NdCore conceptual rollup measurement process uses n-grams:  This measurement produces a set of tree branches, two for each significant word.  As of 2002, the NdCore technology had some "contextual" information but this contextual information has not undergone a human reification process or made subject to ontology services.  Of course this can be done and the algorithms that then act on the Input Array (which is the name of the ordered set of tree branches) will perform conceptual services.

 

Let us indicate this Input Array, with the symbol “I”, and any reified Input Array “I(r)”.

 

Figure 1: A very simple Input Array with two elements (branches)

 

If we have only the significant words w(1), w(2), w(3), w(4) in a single sentence then we have the singe tree in figure 2.   The 5-grams are { [ *, w(1), w(2) , w(3), w(4) ], [ w(1), w(2) , w(3), w(4), * ], … }. Remember that the textID is used to hang the “center” of the 5-gram.

 

Figure 2: A simple input tree with four branches

 

 


The Orb construction is used in creating the inversion of I.  In NdCore, this inversion is a set of simple trees, with the root of each tree having a correspondence with each significant word subject.  (see notational paper)

 

The inversions bring together all occurrences of a word into a single tree-construction with the root node the "subject" of these multiple occurrences.  This process only needs EITHER I or the reified Input Array “I(r)” to "work".  Given the Input Array, an Array (or hash table) is produced that encodes these "subject trees" into a memory structure.  We may call this the Output Array, or O.

 

If in the process of producing these "subject trees" there is a separation of occurrences of words so as to reflect word ambiguity in various contexts, then we will call this the reified Output Array, or O(r).  This separation of contexts within localized constructions (a controlled vocabulary) is consistent with the innovation developed by SchemaLogic Inc based on a localization of controlled vocabulary into containers.  [3]

 

Once the SchemaLogic innovation is followed, it is possible to develop ontology based on these containers and easily produce knowledge management type reconciliation processes that reify.

 

The type:value pairing in the NdCore system reflects a number of issues related to the nature of category and the formation of natural category.  (See Preface and Chapter One of “Knowledge Foundations” )

 



[1] Levine, D. & Prueitt, P.S. (1989.) Modeling Some Effects of Frontal Lobe Damage - Novelty and Preservation, Neural Networks, 2, 103-116.

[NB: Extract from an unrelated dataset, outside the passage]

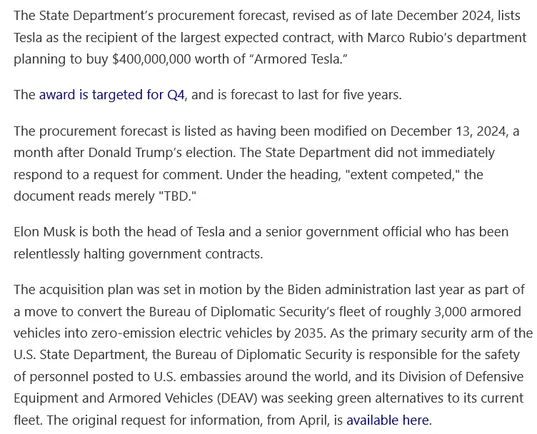 The State Department’s procurement forecast, revised as of late December 2024, lists Tesla as the recipient of the largest expected contract, with Marco Rubio’s department planning to buy $400,000,000 worth of “Armored Tesla.”www.dropsitenews.com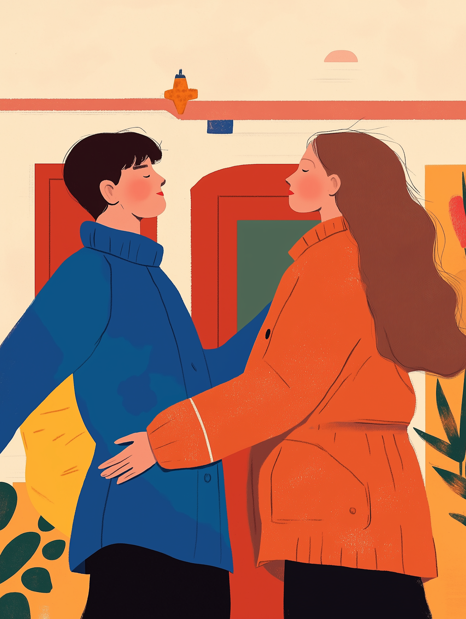 Two people in colorful coats share a moment of connection, surrounded by abstract shapes and warm colors in an artistic illustration.

Levine D; Parks, R.; & Prueitt, P. S. (1993.) Methodological and Theoretical Issues in Neural Network Models of Frontal Cognitive Functions. International Journal of Neuroscience 72 209-233.

Prueitt, P.S. (1994). System Needs, Chaos and Choice in Machine Intelligence. Chaos Theory in Psychology (A. Gilgen and F. Abrams, Eds.) Contributions in Psychology Series. Westport, Conn.

Prueitt, P.S. (1995) A Theory of Process Compartments in Biological and Ecological Systems. In the Proceedings of IEEE Workshop on Architectures for Semiotic Modeling and Situation Analysis in Large Complex Systems; August 27-29, Monterey, Ca, USA; Organizers: J. Albus, A. Meystel, D. Pospelov, T. Reader

 

[2] The notion finds an architectural embodiment in the BCNGroup Roadmap developed for US Customs in 2004. 

[3] The combination, and generalization of the NdCore and SchemaLogic innovations is a core part of the BCNGroup RoadMap.